Comme le CIR le fait remarquer, la technologie de reconnaissance faciale n’a pas encore été testée par les tribunaux. Ce qui n’empêche pas les forces de police de San Diego et d’autres forces de maintient de l’ordre d’utiliser le programme à fond. 133 tablettes et smartphones ont ainsi été distribués dans 25 commissariats de la ville depuis le début de l’année.

Un officier interrogé par le CIR assure que la technologie est uniquement utilisée pour identifier « les personnes blessées inconscientes ne disposant pas de documents d’identification ». Un autre officier ajoute « Si vous n’êtes pas dans la base de données des criminels, vous n’avez rien à cacher ».

La fondation Electronic Frontier (EFF), qui recueillait déjà des informations sur le projet, bien avant l’enquête et le rapport du CIR, prend une position différente.

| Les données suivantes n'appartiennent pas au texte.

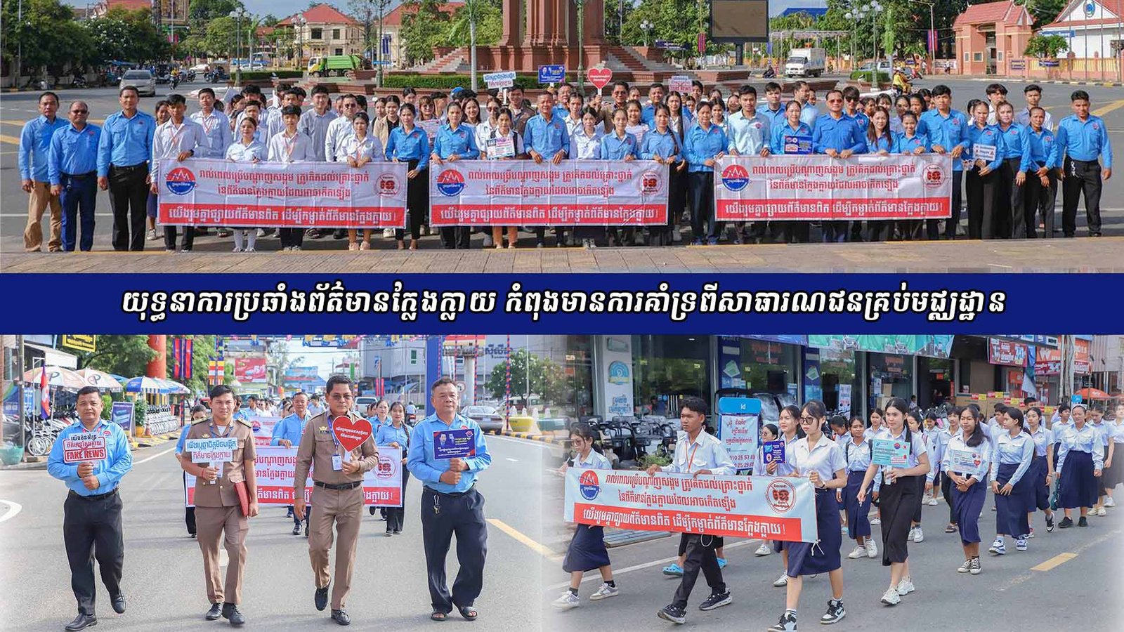 60 កំពង់ឆ្នាំង ៖យុទ្ធនាការប្រឆាំងព័ត៌មានក្លែងក្លាយក្រោមទិសស្លោក« និយាយថាទេចំពោះព័ត៌មានក្លែងក្លាយ »បានចាប់ផ្តើមពីថ្ងៃទី១ ខែមេសា ឆ្នាំ២០២៥ ក្នុងគោលបំណងដើម្បីកាត់បន្ថយឲ្យនៅកម្រិតតិចបំផុត ហើយឈានទៅលប់បំបាត់ទាំងស្រុង នូវព័ត៌មានក្លែងក្លាយពីលំហព័ត៌មាន នៅក្នុងសង្គមកម្ពុជា សំដៅធានាឲ្យបាននូវសន្តិសុខព័ត៌មាន ។ យុទ្ធនាការនេះបាន នឹងកំពុងដំណើរការយ៉ាងសកម្ម ដោយទទួលបានការគាំទ្រពីសាធារណ:ជនគ្រប់ទិសទី រីឯការអនុវត្តមានការចូលរួមយ៉ាងផុលផុសពីថ្នាក់ដឹកនាំ មន្ត្រីរាជការ មន្ត្រីអាជ្ញាធរមូលដ្ឋាន និងតួអង្គពាក់ព័ន្ធ ដែលបានធ្វើឲ្យយុទ្ធនាការនេះ កំពុងប្រក្លាយជាចលនាជាតិមួយ ក្នុងការទប់ស្កាត់ និងលុបបំបាត់នូវព័ត៌មានក្លែងក្លាយ ក្លែងបន្លំ បំភ្លៃ បំភាន់ ដែលកំពុងចរាចរក្នុងសង្គម ជាពិសេសតាមរយះបណ្តាញសង្គម ។ ដោយឡែកសម្រាប់ខេត្តកំពង់ឆ្នាំង បានធ្វើយុទ្ធនាការនេះយ៉ាងសកម្ម នៅតាមទីប្រជុំជន ផ្សារ សាលារៀន និងអង្គភាពរដ្ឋ មានដូចជាការចុះផ្សព្វផ្សាយ និងចែកខិតបណ្ណ ចាក់ខ្សែអាត់សំឡេងតាមឧឃោសន:ស័ព្ទ និងការដង្ហែរក្បួនតាមដងផ្លូវ ។ដើម្បីបង្កើនការយល់ដឹង ដល់ប្រជាពលរដ្ឋ ក្នុងការប្រុងប្រយ័ត្នចំពោះព័ត៌មានក្លែងក្លាយ ដែលតែតតែកើតមាន នៅក្នុងសង្គម ។ តាមរយះយុទ្ធការនេះ បានធ្វើឲ្យប្រជាពលរដ្ឋមានការយល់ដឹងកើនឡើង ពិសេសមានការចូលរួមពីយុវជន ចំពោះការមិនចែករំលែកព័ត៌មានក្លែងក្លាយដូចមុន ជួយសាងបរិយាកាសព័ត៌មាន ដែលមានភាពទំនួលខុសត្រូវ និងចេះត្រួតពិនិត្យទៅលើព័ត៌មាន មុនធ្វើការចែករំលែកនិងផ្សព្វផ្សាយបន្ត ។ ចែករំលែក: Share on Facebook (Opens in new window) Facebook Email a link to a friend (Opens in new window) Email Share on LinkedIn (Opens in new window) LinkedIn Share on X (Opens in new window) X Share on Telegram (Opens in new window) Telegram រូបអ្នកនិពន្ធ ការផ្សព្វផ្សាយដោយអ្នកនិពន្ធ លោកជំទាវបណ្ឌិត ពេជ ចន្ទមុន្នី ចុះទស្សនកិច្ច ពិនិត្យការអនុវត្តកម្មវិធីផ្តល់អាហារតាមសាលារៀន ដោយប្រើប្រាស់កសិផលក្នុងសហគមន៍ នៅសាលាបឋមសិក្សាប្រាសាទជាងទង ខេត្តកំពង់ឆ្នាំង អនុប្រធានមន្ទីរព័ត៌មាន ខេត្តកំពង់ឆ្នាំង អំពាវ នាវឲ្យសិស្សានុសិស្ស ប្រុងប្រយ័ត្នចំពោះព័ត៌មានក្លែងក្លាយ ក្រុមការងារព័ត៌មាននិងសាធារណមតិ នៃមន្ទីរព័ត៌មានខេត្តកំពង់ឆ្នាំង បន្តធ្វើយុទ្ធនាការប្រឆាំងព័ត៌មានក្លែងក្លាយ នៅវិទ្យាល័យហ៊ុន សែន ទឹកផុស បណ្តាអង្គទូត និងទីភ្នាក់ងារបរទេស អញ្ជើញពិនិត្យមើលសកម្មភាពរំលោភបំពានរបស់ថៃ នៅតំបន់បឹងត្រកួន គំនូរសិល្បៈដើម្បីសន្តិភាព លេចចេញជារូបរាងបណ្តើរៗហើយ នៅមុខវត្តបទុមវតី ដែលមានទំហំធំជាងគំនូរនៅខេត្តសៀមរាប បណ្តាអង្គទូត និងទីភ្នាក់ងារបរទេស អញ្ជើញចុះពិនិត្យមើលការបង្កើតស្ថានភាពថ្មីនៅលើទីតាំងជាក់ស្តែង នៅភូមិជោគជ័យ និងភូម

Selon les documents obtenus par EFF, la reconnaissance faciale échoue 20% du temps. Ce qui peut mener à la détention de personnes innocentes, sans motifs valables. Un communiqué de l’EFF résume la position du groupe sur ce programme :  »Il n’y a pas si longtemps, notre société aurait fait machine arrière sur le système « arrêter puis chercher ». Comme la cours suprême de l’Arizona le notait en 1983, « l’idée qu’un Américain puisse être contraint à montrer ses papiers avant de pouvoir exercer son droit à marcher dans les rues, conduire sur les autoroutes ou embarquer dans un train est répugnant, une insulte aux institutions et aux idéaux américains ».